William Henry Pyne (1769-1843)
William Pyne produced hundreds of genre studies of working people in England specifically to assist amateur and professional artists. In the introduction to his ‘Rustic Figures for the Embellishment of Landscape, 1814-1815’ he stated that many artists did not put the same effort into representing figures as they did with the landscape, and often left them to add later. He urged his readers to study his drawings, which he claimed were from nature, to assist them in producing realistic portraits which recommended should be drawn on the spot so that ‘groups then assume the air of nature: their occupations are mostly accordant to the scene: and they are consequently appropriate in action, character and every essential that constitutes fitness of propriety.’ He advised artists to ‘study the works of those artists who have most excelled in forming pictures representing the peasantry of our country’ whom he named as Thomas Gainsborough (1727-1788), Richard Westall (1765-1836) whose ‘Boy of Glamorganshire’ and ‘Girl of Caernarvon’ were produced as prints; Joshua Cristall, ca.1767-1847 who was in Wales at the beginning of the 19th century; Thomas Barker of Bath (1769-1847), who was born in Pontypool and George Morland (1763-1804).
Pyne’s Costume of Great Britain (1808, 1810) includes no. 9 ‘Welsh Peasants Washing’ with an accompanying description.
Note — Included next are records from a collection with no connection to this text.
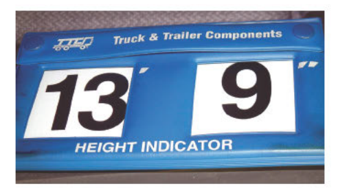
Notice in a driver's cab displaying the overall vehicle height

For most vehicles, The Road Vehicles (Construction and Use) Regulations 1986 SI No.1078 as amended requires the maximum height of the vehicle in feet and inches to be displayed on a notice in the cab of a vehicle when the overall travelling height is more than 3 metres.
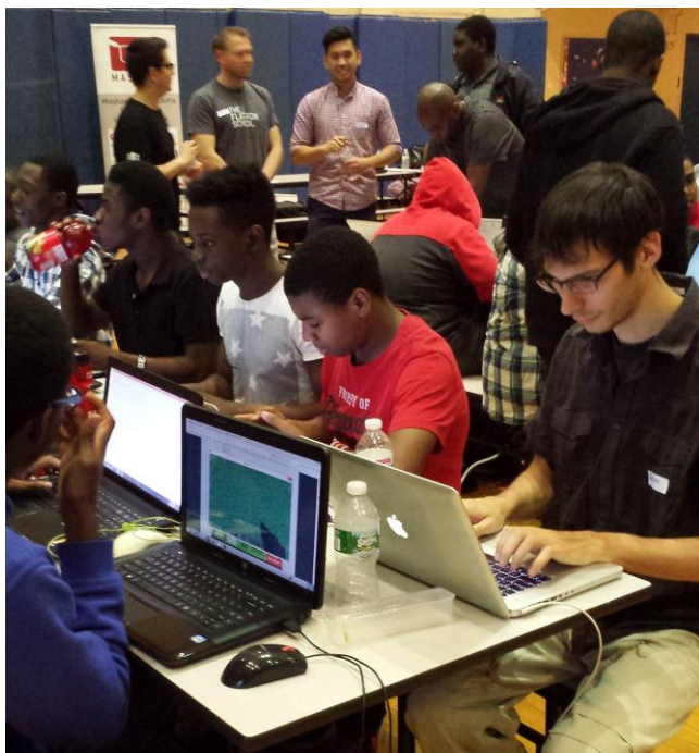
P-TECH students collaborate with volunteers from local tech companies at our first annual Hackathon (May 23, 2014)

“Watching interns develop, even over a short time, was extremely rewarding...they brought perspectives to our work that we never would have thought of.”
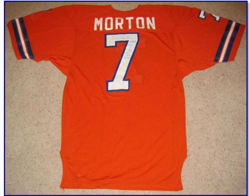
Figs. 77-3 & 77-4. Front (R. Gradishar) and rear (C. Morton) views of circa 1977 home jerseys
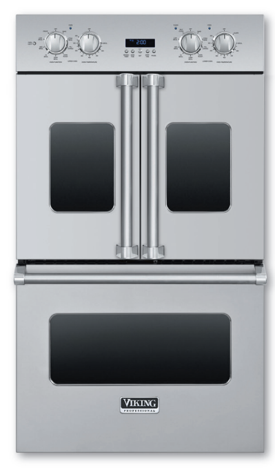
French-Door Double Oven 30" Wide
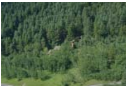
Probably not a wise location for a home.
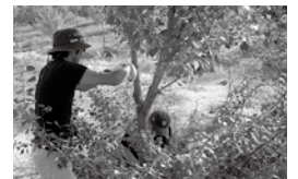
Pruning in a cultivated forest

In September 2009, the volunteer experience tour as part of the Horqin Desert Greening Project in China (arranged by the CSR Promotion Department, Hitachi, Ltd.) was joined by one member of our Company, together with colleagues and their families from among other members of the Hitachi Group, totaling 25 people. At a village about a three-hour drive north from Shenyang Taoxian International Airport, the participants experienced various tasks such as combating desertification and cultivating saplings, thereby working to engage in exchange with rural areas and college students in the local community.
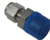
Stainless 3/8" NPT -1/4" OD tube fitting
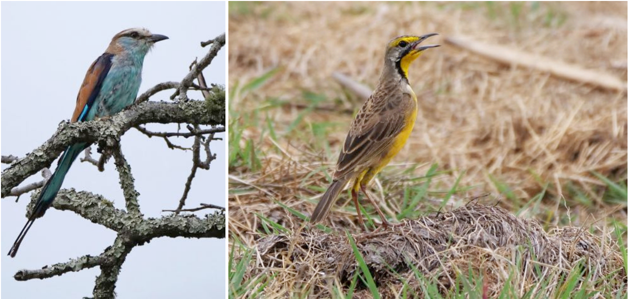
Racket-tailed Roller (left) is one of the major target species in the miombo woodlands of the Nkanga Conservation Area. Fülleborn's Longclaws (right) may be found around the dams.

departure and left it as long as we could in the hope that the storm would pass us by but bad weather was clearly approaching quite rapidly and so finally we beat a hasty retreat which sadly wasn't fast enough and we ended up getting wet driving back in our open topped vehicle!
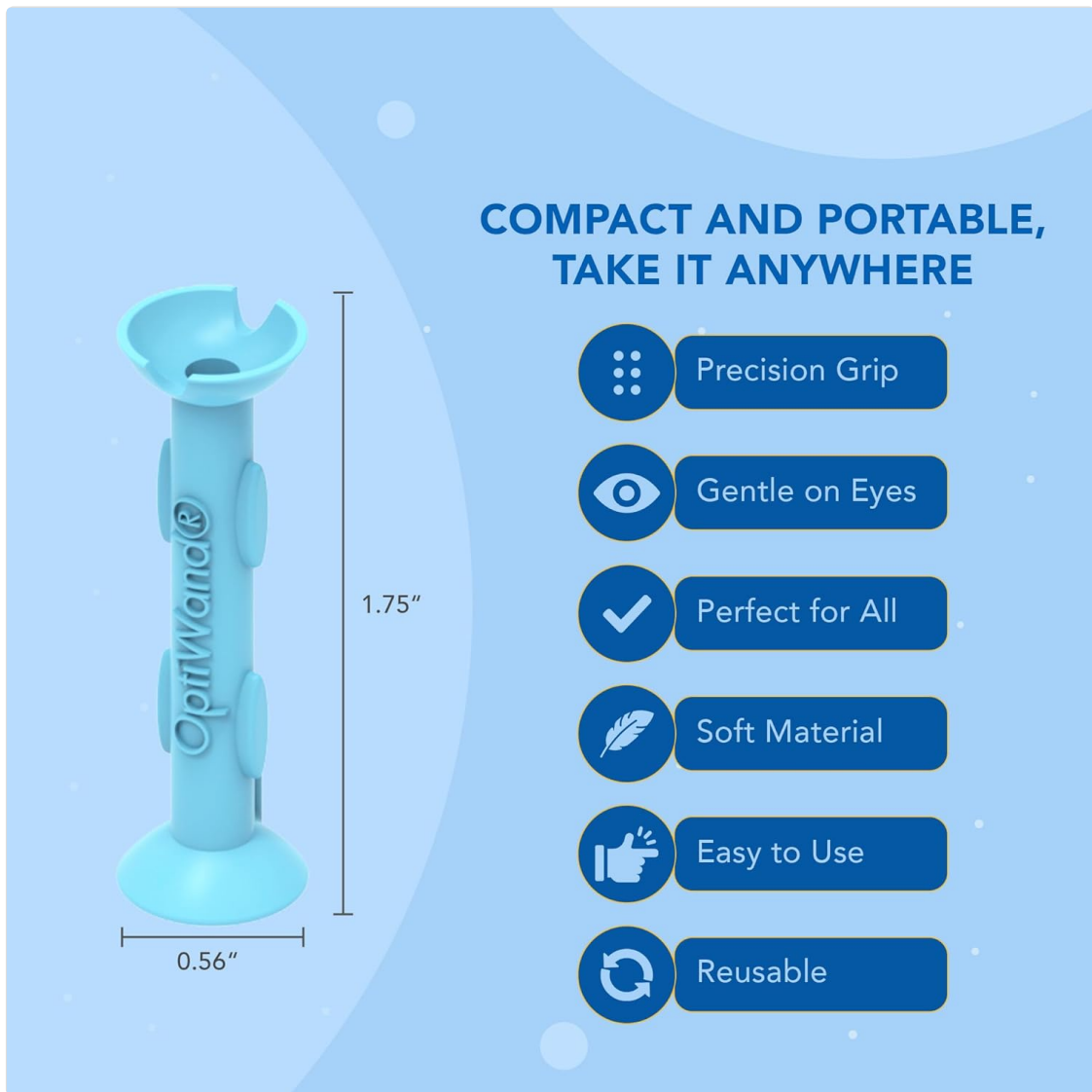
Image Description: A light blue OptiWand tool shown vertically with measurement lines indicating a length of 1.75 inches and a width of 0.56 inches. Accompanying text lists features like Precision Grip, Gentle on Eyes, Perfect for All, Soft Material, Easy to Use, and Reusable.

William Alexander published a version of this in his Picturesque representations of the dress and manners of the English… (1814), plate 47 with a much briefer description.
William Pyne was commissioned by Rudolph Ackermann to produce ‘Microcosm, A Picturesque Delineation of the Arts, Agriculture, Manufactures, etc of Great Britain in a series of above 600 Groups of Small Figures …’ which consisted of 641 groups in 120 aquatints by J Hill after Pyne’s drawings of people in rural settings at work, rest and play. It was first published in 30 sections between 1802-1807, then as a book in 2 volumes in 1808 by William Miller, and finally by Ackermann in 1824. It is said that some of the original drawings were by Thomas Rowlandson and Augustus Pugin. It was republished as Picturesque Views of Rural Occupations in Early Nineteenth-Century England (also known as Rustic Vignettes for Artists and Craftsmen) by Dover Publications, New York, 1977
Microcosm included two prints of groups of people at a market or fair. Two of these are in the National Library of Wales’s collection, nos. 85 (Basket makers and coopers) and 86 (Miscellaneous) neither of which appear to be set in Wales.
Plate 6 no. 3 of Microcosm is ‘Washing in Wales’ which is similar to his ‘Welsh Peasants Washing’ in 'Costume of Great Britain'.